Exidy Sorcerer  Sorcerer DP1000-1

The Exidy Sorcerer was one of the earliest Home Computers, it was launched in 1978. Compared to the competition, the machine had better graphics capability and memory options. It was based on the Z80 architecture which ran at a modest 2MHz.

The Sorcerer was also one of the first home computers that used ROM cartridges as a means of loading software. The cartridge was designed so that it fit in existing 8-track tape casings, which reduced the manufacturing cost. The Sorcerer came standard with a Microsoft BASIC ROM cartridge.

Despite the fact that the marketing was lacking, the machine sold well in Europe. In the Netherlands, the educational broadcasting company TELEAC decided to launch a computer course and viewers could purchase the course bundled with a Sorcerer.

In Europe the Sorcerer was distributed by CompuData, which licensed the design for local production in the Netherlands. Compudata produced the Exidy Sorcerer until 1983 and then switched to a machine of their own design, the Tulip computer which was a 8088-based architecture.

Two versions of the Sorcerer were produced, after some reported problems with the RS-232 serial port on the initial machines, a revised machine the Sorcerer II (DP1000-2 motherboard) was produced, replacing it.

Various hobby groups in the Netherlands and Australia developed RAM upgrades, speed upgrade kits, 80-column add-on cards and updated ROMs that replaced the internal monitor boot-loader program.

Re-used 8-track cartridge shell

The designers of the Exidy Sorcerer used 8-track tape cases as the basis for their catridge design, reducing manufacturing costs.

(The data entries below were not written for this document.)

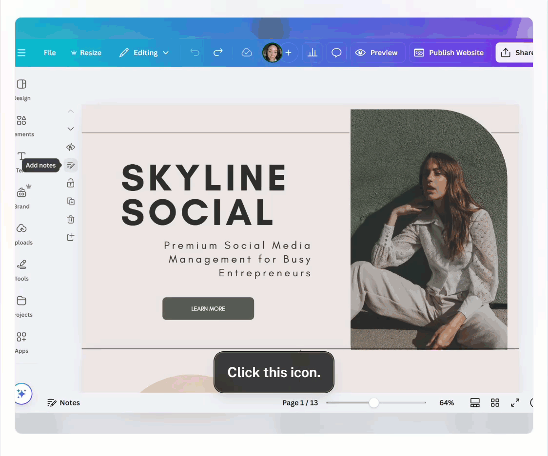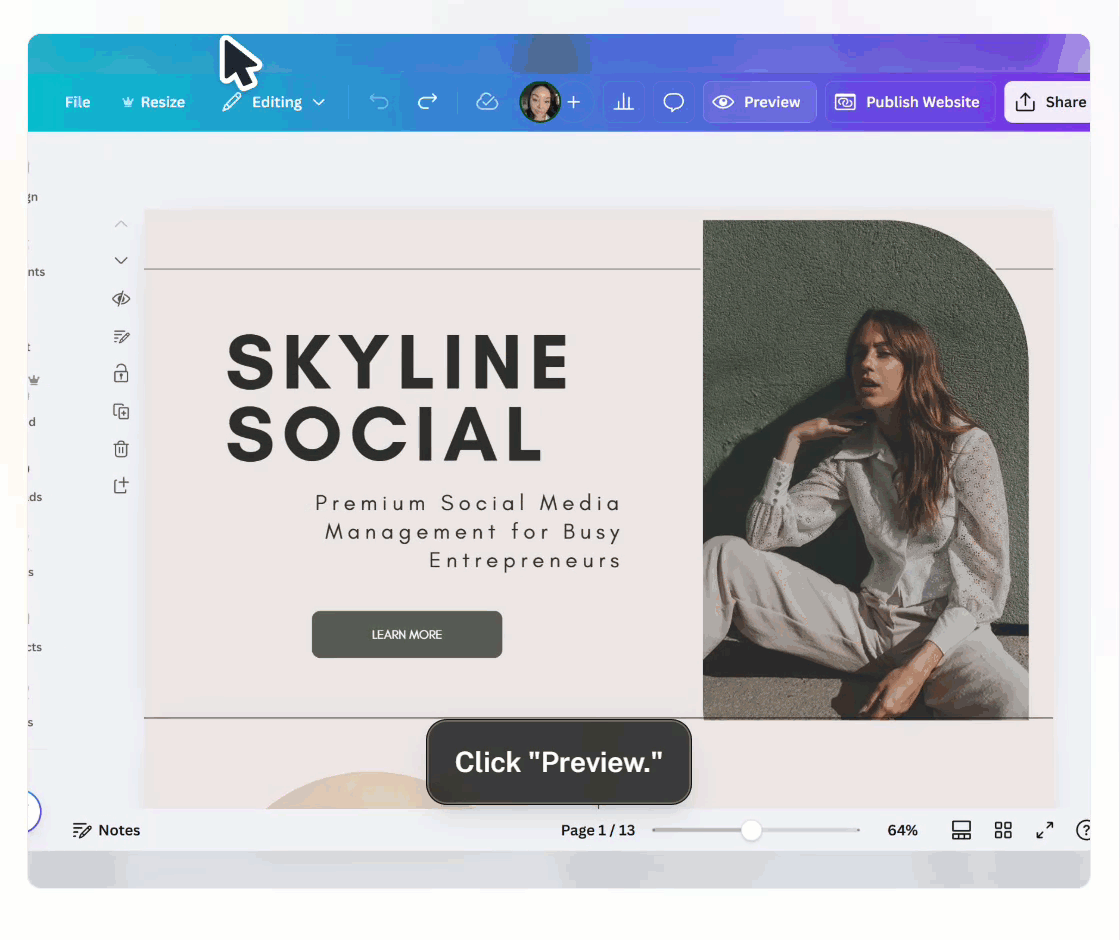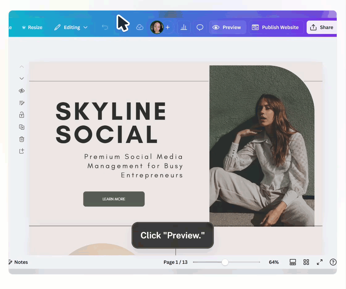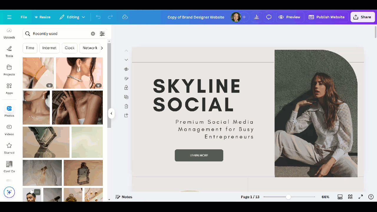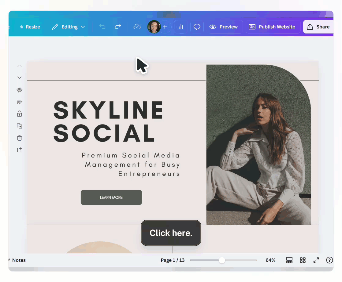 You can edit your domain name to personalize it to your brand. You can use a free Canva domain, or pay for a custom domain. I demonstrate how below.
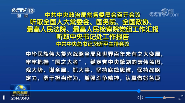 新華社北京1月7日電 中共中央政治局常務(wù)委員會1月7日全天召開會議,聽取全國人大常委會、國務(wù)院、全國政協(xié)、最高人民法院、最高人民檢察院黨組工作匯報,聽取中央書記處工作報告。中共中央總書記習(xí)近平主持會議并發(fā)表重要講話。
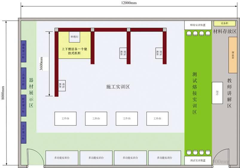 該區(qū)域?qū)嵱?xùn)的內(nèi)容是綜合布線系統(tǒng)工程中施工部分,主要實(shí)訓(xùn)綜合布線工程中動(dòng)手部分追多的各種施工操作,從而使學(xué)生掌握追基礎(chǔ)的施工技能。
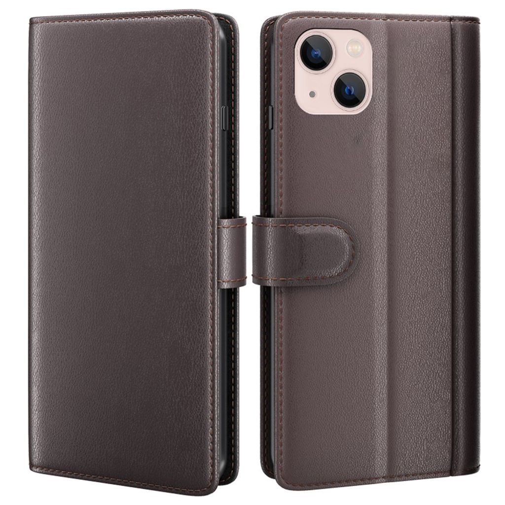 iPhone 14 Pungetui Ægte Læder Kortholder/Stativ - Brun

Released 1978 Country United States Brand Type EXIDY Sorcerer Name Sorcerer DP1000-1 CPU Class Z80 CPU Zilog Z80 @2MHz Memory 8kB, 32kB Max Sound Chip none Sound none Display Chip none Display 64x30 text
512x240 Mono
Sprites none System OS Monitor System Storage External Tape, ROM cartridges Original Price $895
Related Systems
Exidy Sorcerer Sorcerer
Sorcerer  DP1000-1 (1978)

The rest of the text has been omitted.